One of the major strengths of this study was that it adopted stratification analysis to examine trends in major microbial isolates based on the severity of the burn and time elapsed after burn. However, our study also had some limitations. First, the sample size of cases with severe burns was relatively small, although the source of the samples was single dust explosion event. The cases had homogeneity including patient age, medical treatment and care, and environmental setting factors. Therefore, our results successfully demonstrated the trends in microbial isolation and important factors that govern the rate of isolation. Second, the dispersion of the patients in different 5 ICUs and burn ward might cause some heterogeneity of the sampling. However, an interdisciplinary medical team was quickly established and held regular meetings on treatment and disposal strategies to achieve consensus and consistency. Third, this manuscript was mainly based on recommended of the US CDC’s definition of burn infection, including changes in the appearance or characteristics of burn wound. Burn injury could result in severe sepsis and septic shock; however, our database could not display the data.

Finally, biomarkers can be used to monitor various aspects of disease progression and patient health. The World Health Organization proposed a broad definition of biomarker including almost any measurement reflecting an interaction between a biological system and a potential hazard, which may be chemical, physical, or biological.
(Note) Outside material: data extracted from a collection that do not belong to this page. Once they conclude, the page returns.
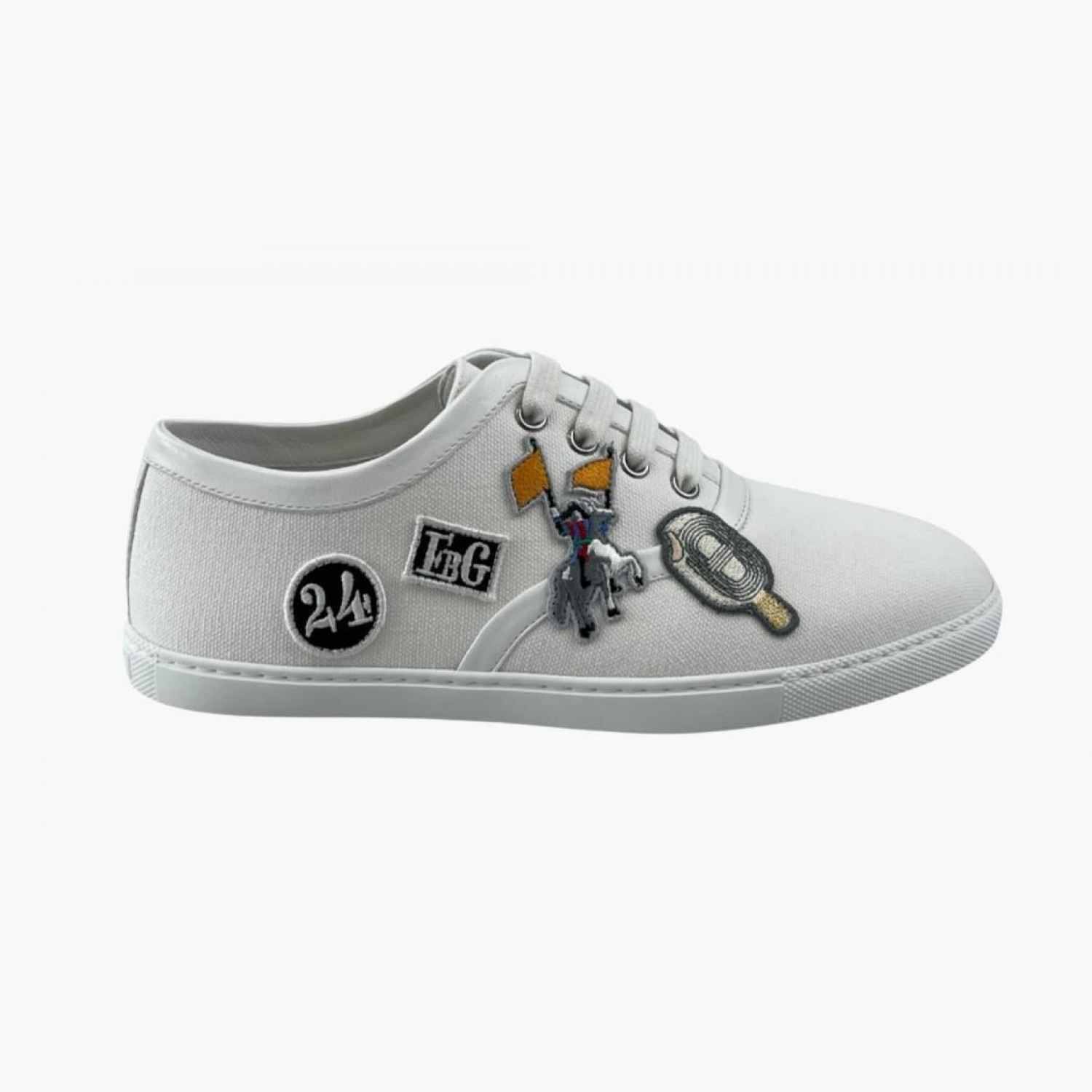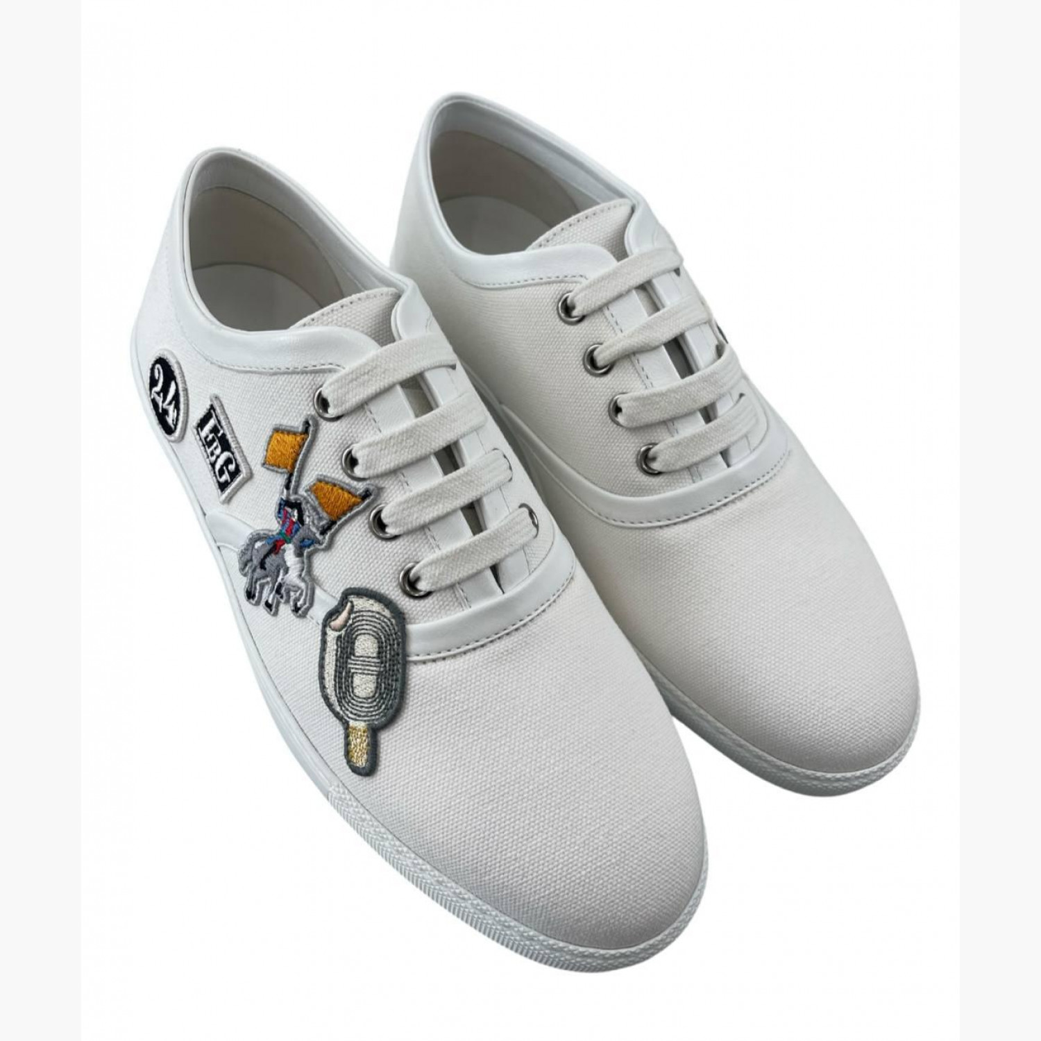 White textile sneakers. In excellent condition with minor wear marks. Laces included.
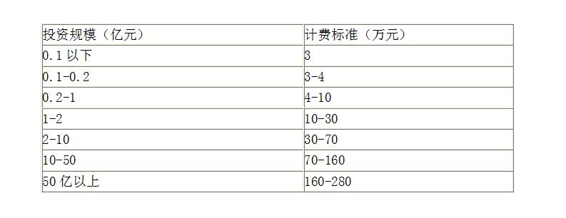 2.評(píng)價(jià)費(fèi)用根據(jù)項(xiàng)目投資額按計(jì)費(fèi)標(biāo)準(zhǔn)采用直線內(nèi)插法計(jì)算。
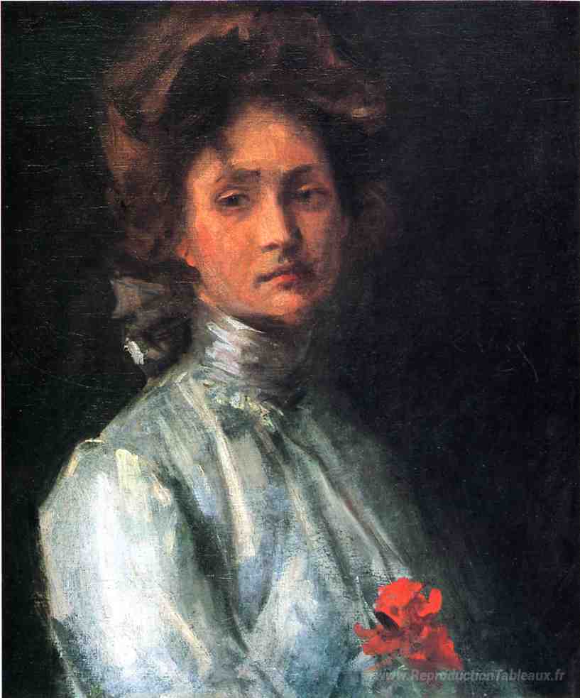 Nous vous proposons une reproduction artisanale sur toile du célèbre tableau 'Portrait d'une jeune femme' de William Merritt Chase, provenant du Musée de la Reproduction.
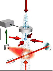 Il a fallu en particulier abriter les atomes derrière un blindage magnétique, abaisser la pression du gaz jusqu’à l’ultra vide pour éviter les collisions, et plus difficile encore, ralentir au maximum les atomes. Pour cela, la lumière laser a été utilisée afin de refroidir les atomes jusqu’à une température proche du zéro absolu . Le temps d’interrogation des atomes dans la cavité a pu alors augmenter d'au moins deux ordres de grandeur.
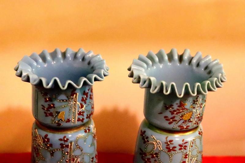 Opalin, yüzeyi el boyaması figüratif çiçek desenli, altın yaldızlı, eski dönem çift vazo.. Y 26cm. başlıklı antika/koleksiyon objesinin menşei belirtilmemiştir. 1900-1949 arası dönemine aittir.
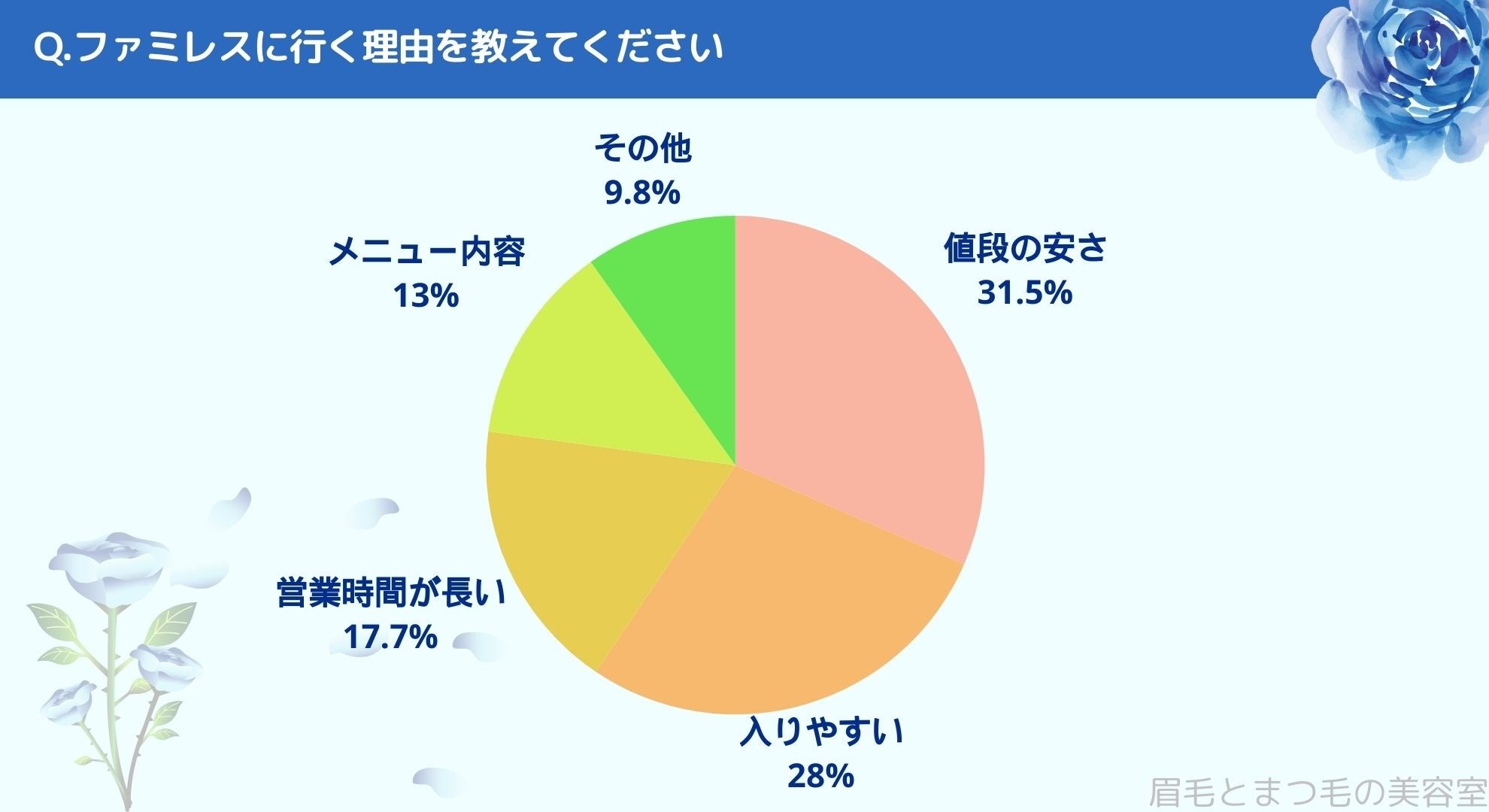 ファミレスに行く理由をお聞きしたところ「値段の安さ(31.5%)」、「入りやすい(28%)」、「営業時間が長い(17.7%)」、「メニュー内容(13%)」。「その他(9.8%)」という結果になりました。
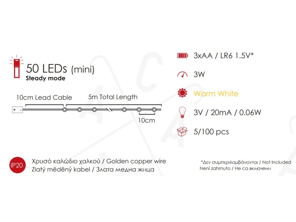 LED okrasna verižica 5m, 50 LED, 3xAA, WW, brez funkcij, zlata [X0150131]
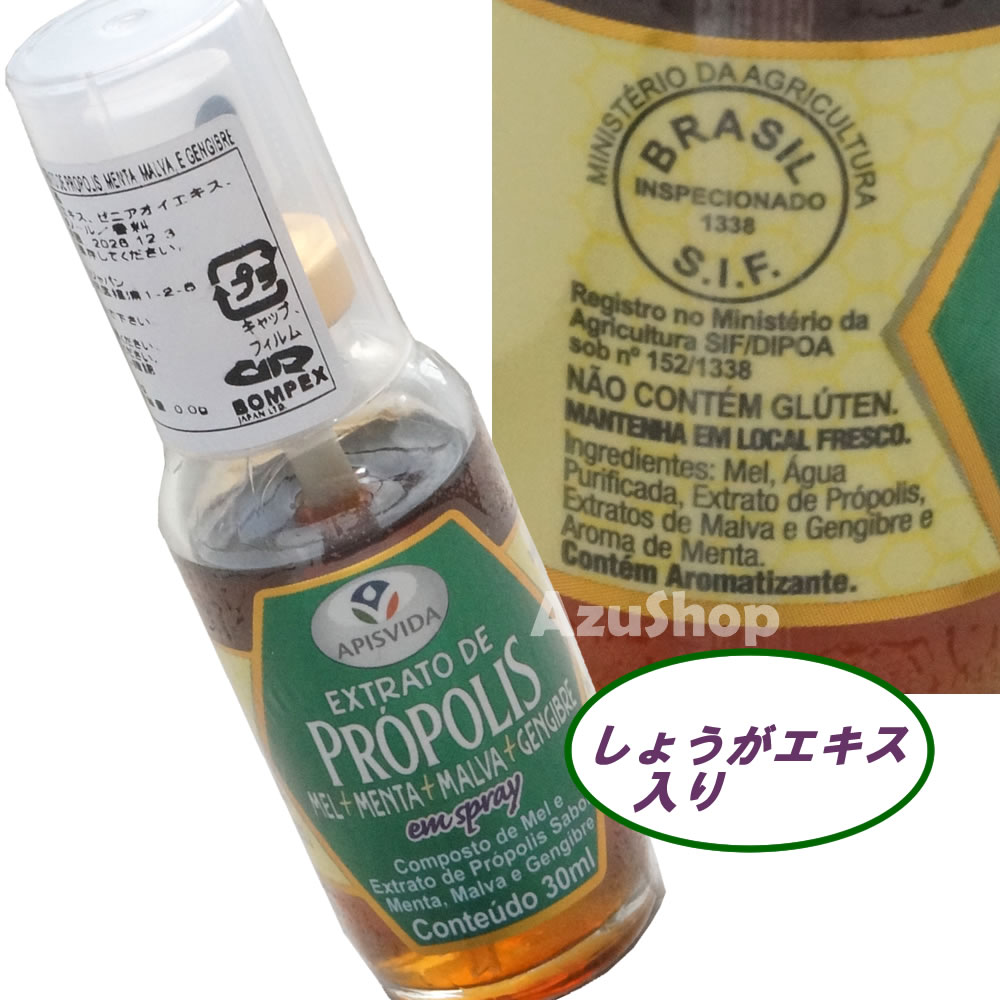 プロポリススプレー ジンジャーエキス ミント ゼニアオイエキス入り 30ml ブラジル産 SIF取得

Thus, the biomarkers as an indicator can be objectively measured and evaluated, such as single molecules, protein panels, injury characteristics, or clinical parameters that may affect clinical outcomes in the severely burned [27]. We suggest that future research can be explored in other aspects, including the impact of surgical intervention and antimicrobial stewardship on the type of microorganisms isolated, and perform molecular typing of microbial isolates.


We found that the proportion of overall microbial isolates increased with increase in the extent of TBSA and the time elapsed after burns. The extent of TBSA was the most important factor affecting MDRO. The study demonstrated that under well-integrated and operational medical and infection control teams, microbial transmission could be reduced to improve the survival rates of burn patients.